Donald Trump began soliciting volunteers this weekend to serve as “election observers,” asking people to monitor the polls to help him “stop Crooked Hillary from rigging this election.”
The Republican nominee’s request may be violating both rules against voter intimidation and a longstanding consent decree against the Republican National Committee. But perhaps more frightening is the potential for violence at the polls, given that Trump has, on more than one occasion, made comments that are interpreted by his supporters as incitements of violence.
Less than a week ago, for example, Trump implied that “Second Amendment people” may be able to do something to stop Clinton from winning the presidency.
Election law expert Rick Hasen, who pointed out that Trump’s call for election monitors may violate the decades-old RNC prohibition on voter fraud prevention efforts, also noted that Trump’s suggestion could be be dangerous.
“One of the things that this can do is get rogue people riled up,” he told the Washington Post. “Trump sets the fuse and lets someone else do the explosion. It strikes me as a very dangerous thing to be suggesting, because it does lend itself to the possibility of violence at the polls.”
“It strikes me as a very dangerous thing to be suggesting, because it does lend itself to the possibility of violence at the polls.”
That violence could be lethal in at least several states that allow people to carry firearms into polling places.
Every state allows the carrying of concealed weapons in some form and most states allow the open carry of a firearm, most with a state-issued permit. Meanwhile, only ten states (Arizona, Arkansas, Florida, Kansas, Louisiana, Mississippi, Missouri, Nebraska, South Carolina and Texas) explicitly prevent weapons from being carried into polling places.
Many people vote in places like schools or government buildings, locations where most states ban concealed carry. But many elections are also held in private locations like churches or stores, where gun possession is up to the owner’s discretion. Only 12 states bar people from carrying guns in all places of worship.

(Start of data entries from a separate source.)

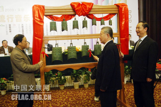 3月18日,第七届中国音乐金钟奖流行音乐大赛新闻发布会在京举行。图为中国音协主席傅庚辰(中)、中国文联国内联络部主任夏潮(左)、深圳市委宣传部副部长段亚兵(右)在启动仪式现场。
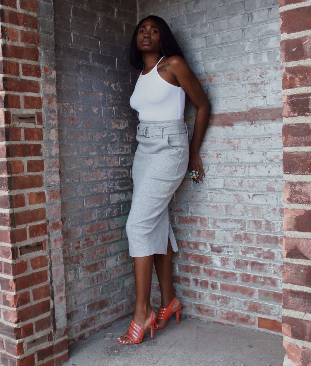 I wore a simple gray midi skirt with the matching belt and a pair of coral colored sling-backs for a pop of color.
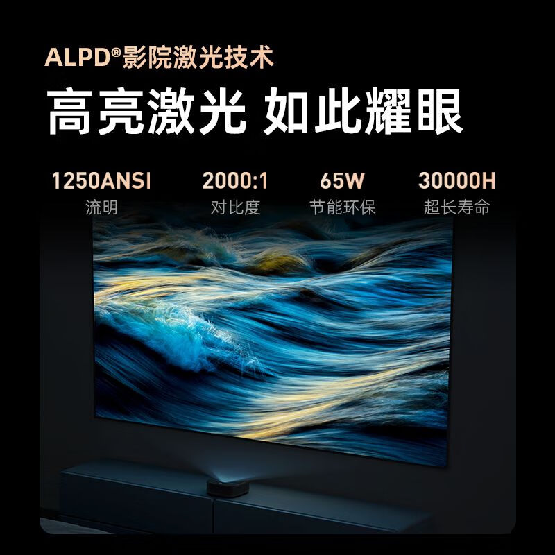 当贝 U1 使用ALPD低能耗激光光源,亮度高达1250ANS流明,亮度更高,能耗更低。支持1080P,采用投射比仅023:1的超短焦成像设计,贴墙仅需25cm便可投出80英寸的画面;稍远一些,34cm就能拥有100英寸巨幅画面。
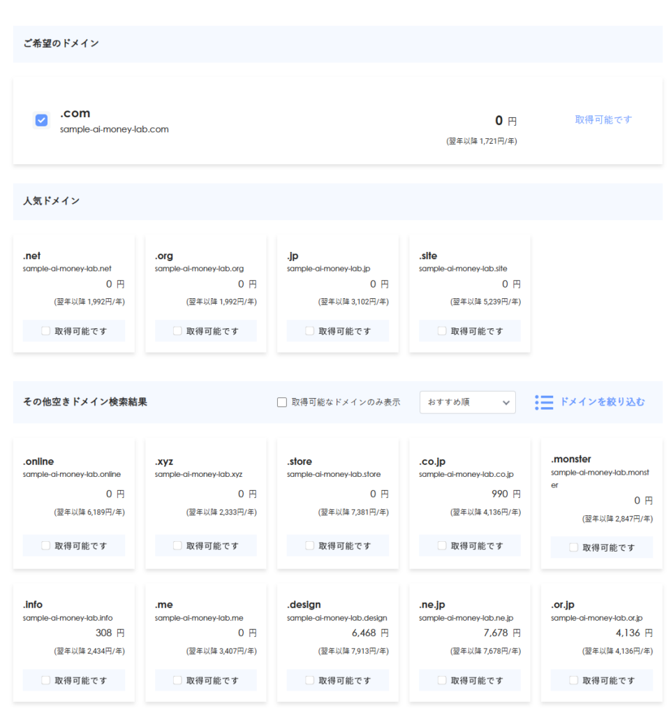 僕個人としては『.jp』もおすすめです。

Though the law varies by state, gun owners have been known to carry their weapons to the polls in past elections. In Georgia, where the law explicitly prevents guns from being carried within 150 feet of any election location, some counties decided in 2014 to allow them anyway.
Alabama was another state that allowed voters in some counties to carry firearms to the polls in 2014. As the New York Times reported before that election, the Alabama Sheriffs Association, “fearing that an open display of weapons might frighten some voters, urged the state’s 67 counties to ban unconcealed firearms from polling places.” The effort failed, and the attorney general reiterated that polling places are not included in the list of banned firearm locations in Alabama.
Several counties still insisted on a ban, including Shelby County, whose sheriff said that he would ban open-carry at polling places in his county unless he was otherwise directed.
Fears may be compounded this year given Trump’s presence on the ballot. Throughout his campaign, Trump has made comments that could incite radicals to commit violent acts. While Trump may not be specifically instructing people to act violently, extremists and right-wing terrorists could be encouraged by his rhetoric that appears to normalize that type of activity.
Even before Trump’s “Second Amendment people” comments, some people expressed fear about potential violence at polling places. Officials in Virginia’s largest school district decided to close school on the day of the March primary because 124 Fairfax County schools were used as polling places, and Electoral Board Secretary Katherine K. Hanley said she feared that the “GOP loyalty pledge” that voters were required to sign before casting a ballot in the Republican primary could lead to arguments or fights.
And in Florida, a mosque has been nixed from the list of polling places for the August 30 primary and November general election after the county elections supervisor said she received about 50 complaints, including threats of violence, from people who don’t want to vote in an Islamic place of worship.